Tutorial | Real-time API deployment#
Get started#
The framework demonstrated in Tutorial | Batch deployment works well for many use cases, such as creating periodic reports. For many other use cases though, we need to score individual records in real-time!
Objectives#
In this tutorial, you will:
Create an API endpoint from a prediction model in the Flow of a Design node project.
Package that API endpoint inside an API service.
Publish that API service to the API Deployer.
Deploy that API service to a production infrastructure (an API node).
Add a query enrichment to a prediction endpoint in an API service.
Add a dataset lookup endpoint to an API service.
Redeploy new versions of API services.
Deploy multiple generations of a prediction endpoint to use for A/B testing.
Prerequisites#
Dataiku 12.0 or later.
A Full Designer user profile on the Dataiku for AI/ML or Enterprise AI packages.
An API node connected to the Design node:
Dataiku Cloud users can follow instructions for adding the API node extension.
Administrators of self-managed Dataiku instances should see API Node & API Deployer: Real-time APIs in the reference documentation.
The Reverse Geocoding plugin (version 2.1 or above) installed on your Dataiku instance. (This plugin is installed by default on Dataiku Cloud).
Broad knowledge of Dataiku (ML Practitioner + Advanced Designer level or equivalent).
Create the project#
From the Dataiku Design homepage, click + New Project.
Select Learning projects.
Search for and select Real-time APIs.
Click Install.
From the project homepage, click Go to Flow (or
g
+f
).
From the Dataiku Design homepage, click + New Project.
Select DSS tutorials.
Filter by MLOps Practitioner.
Select Real-time APIs.
From the project homepage, click Go to Flow (or
g
+f
).
Note
You can also download the starter project from this website and import it as a zip file.
You’ll next want to build the Flow.
Click Flow Actions at the bottom right of the Flow.
Click Build all.
Keep the default settings and click Build.
Use case summary#
We’ll work with a simple credit card fraud use case. Using data about transactions, merchants, and cardholders, we have a Flow including a model that predicts which transactions should be authorized and which are potentially fraudulent.
A score of 1 for the target variable, authorized_flag, represents an authorized transaction.
A score of 0, on the other hand, is a transaction that failed authorization.
Putting this model into production can enable two different styles of use cases commonly found in machine learning workflows:
Scoring framework |
Example use case |
Production environment |
---|---|---|
Batch |
A bank employee creates a monthly fraud report. |
Automation node |
Real-time |
A bank’s internal systems authorize each transaction as it happens. |
API node |
Tip
This use case is just an example to practice monitoring and deploying MLOps projects into production. Rather than thinking about the data here, consider how you’d apply the same techniques and Dataiku features to solve problems that matter to you!

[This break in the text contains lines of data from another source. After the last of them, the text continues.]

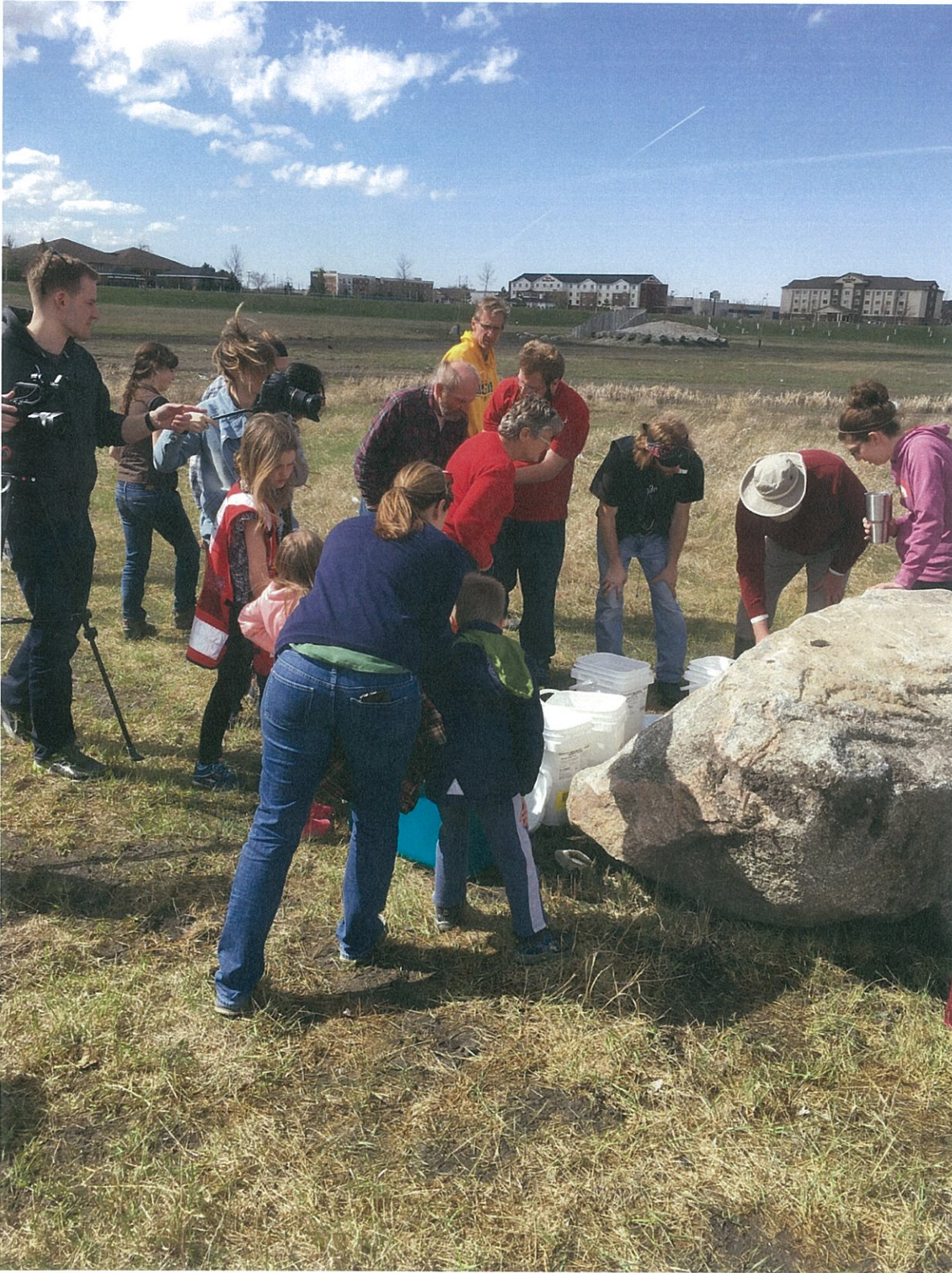
Frog and Tadpole Release – Earth Day – April 2017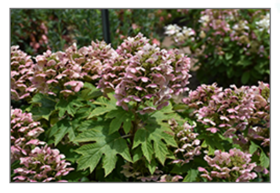
Oakleaf Hydrangea flowers (faded)

Oakleaf Hydrangea is recommended for the following landscape applications;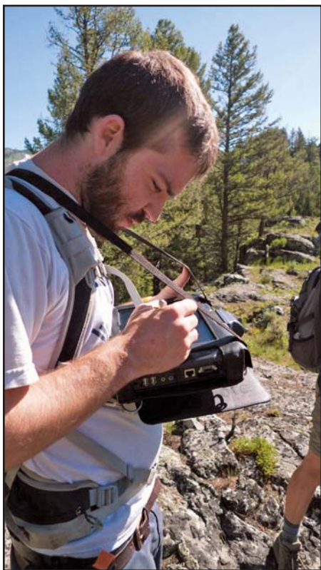
Figure 12. An example of using information technologies in the field. Will this be the new professional standard for fieldwork? How does this technology impact learning in the field?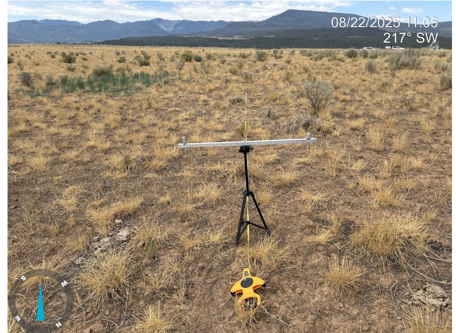
Photo 3: Photos show the beginning and end of the reference area vegetation transect, respectively.

Create an API endpoint and test queries#
Let’s start by creating an API service with one of the most common types of endpoint: a prediction endpoint.
Create an API service with a prediction endpoint#
To get started, we need a prediction model deployed to the Flow inside a project in the development environment.
From the project Flow, select the prediction model Predict authorized_flag (binary).
In the Actions tab, click Create API.
In the New scoring API from model dialog, name the API service ID
fraud_detection
.Important
The API service ID must be unique. If an API service with the same name already exists in your project, consider adding a unique identifier (such as your name) to the API service ID.
Name the Endpoint ID
predict_fraud
. This ID should be unique within the API service.Click Append to open the API Designer.
Test the prediction endpoint#
The fraud_detection API service now includes the model as an endpoint named predict_fraud.
Next, we’ll run some test queries on records found in the test_scored dataset to confirm that the endpoint properly generates a prediction for whether a credit card transaction was fraudulent or not.
If not already there, navigate to More Options () > API Designer in the top navigation bar. Click fraud_detection to open the API service.
Go to the Test queries panel.
Click + Add Queries.
Choose to create
5
test queries from the test_scored dataset.Click Add.
Now let’s run them!
Click Run Test Queries.
Click the Details of the first query to see more details, such as the probabilities of the two outcomes according to the model.
Note
The Logs tab (next to Details) provides information that can be useful for debugging and troubleshooting.
Deploy a real-time API service#
You’ve successfully designed and tested an API service including a prediction endpoint. The next step is to actually deploy this API service from the Design node into a production environment!
Publish the API service on the API Deployer#
Recall that our Flow has a prediction model to classify credit card transactions as fraudulent or not. We have packaged this model as a prediction endpoint in an API service, but this service only exists on the Design node (our development environment).
Important
The remaining steps require that you are connected to the API Deployer. Dataiku Cloud users can follow instructions for adding the API node extension. Administrators of self-managed Dataiku instances should follow the reference documentation.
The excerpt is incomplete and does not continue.